2. A coupling as claimed in claim 1, wherein the coupling includes means for preventing the arms being moved from the second position to to the first position when the bayonet connection is not engaged.

3. A coupling as claimed in claim 2, wherein the recess is provided only in those parts of the outer circumference of the male member lying opposite the arm(s) when the bayonet connection is engaged thereby preventing the arm(s) being moved from the second position to the first position when the bayonet connection is not engaged.

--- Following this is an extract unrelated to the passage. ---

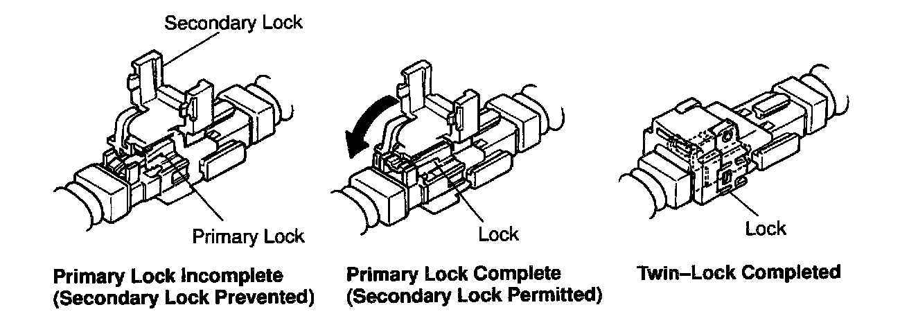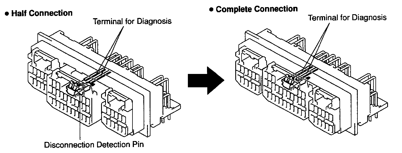 This mechanism is designed to electrically check if connectors are connected correctly and completely. The electrical connection check mechanism is designed so that the connection detection pin connects with the diagnosis terminals when the connector housing lock is in the locked condition.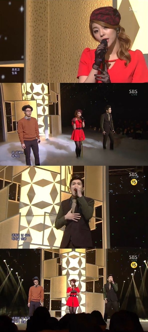 배치기는 27일 오후 방송된 SBS '인기가요'에서 에일리와 함께 '눈물샤워'의 완벽한 무대를 꾸몄다.

4. A coupling as claimed in claim 2, wherein the recess is a groove extending around the outer circumference of the male part but lands are provided in the groove in places opposite the arm(s) when the bayonet connection is not engaged thereby preventing the arm(s) from being moved from their second to their first positions when the bayonet connection is not engaged

5. A coupling as claimed in claim 2, wherein a protrusion is formed at the bottom of the channel of the bayonet connection opposite to the entrance into the channel for the bayonet pins, which protrusion is such that it prevents the cam surface on the or each arm from engaging the recess and thereby prevents the arm(s) being moved to the first position.

6. A coupling as claimed in claim 1 or claim 2, wherein the recess is a groove extending the whole way around the outer circumference of the male part.

7. A coupling as claimed in any one of claims 1 to 5, wherein two or more arms are provided.

8. A coupling as claimed in any one of claims 1 to 7, wherein the bayonet connection is formed by one or more pins on the male part engaging with a channel in the bore of the female part.

9. A coupling as claimed in any one of claims 1 to 8, wherein the bayonet connection, when engaged, allows limited axial movement between the male and female parts to allow pressurised contents of the coupling to leak when the arm(s) are in the second position.

10. A coupling substantially as hereinbefore described in connection with and as shown in the accompanying drawings.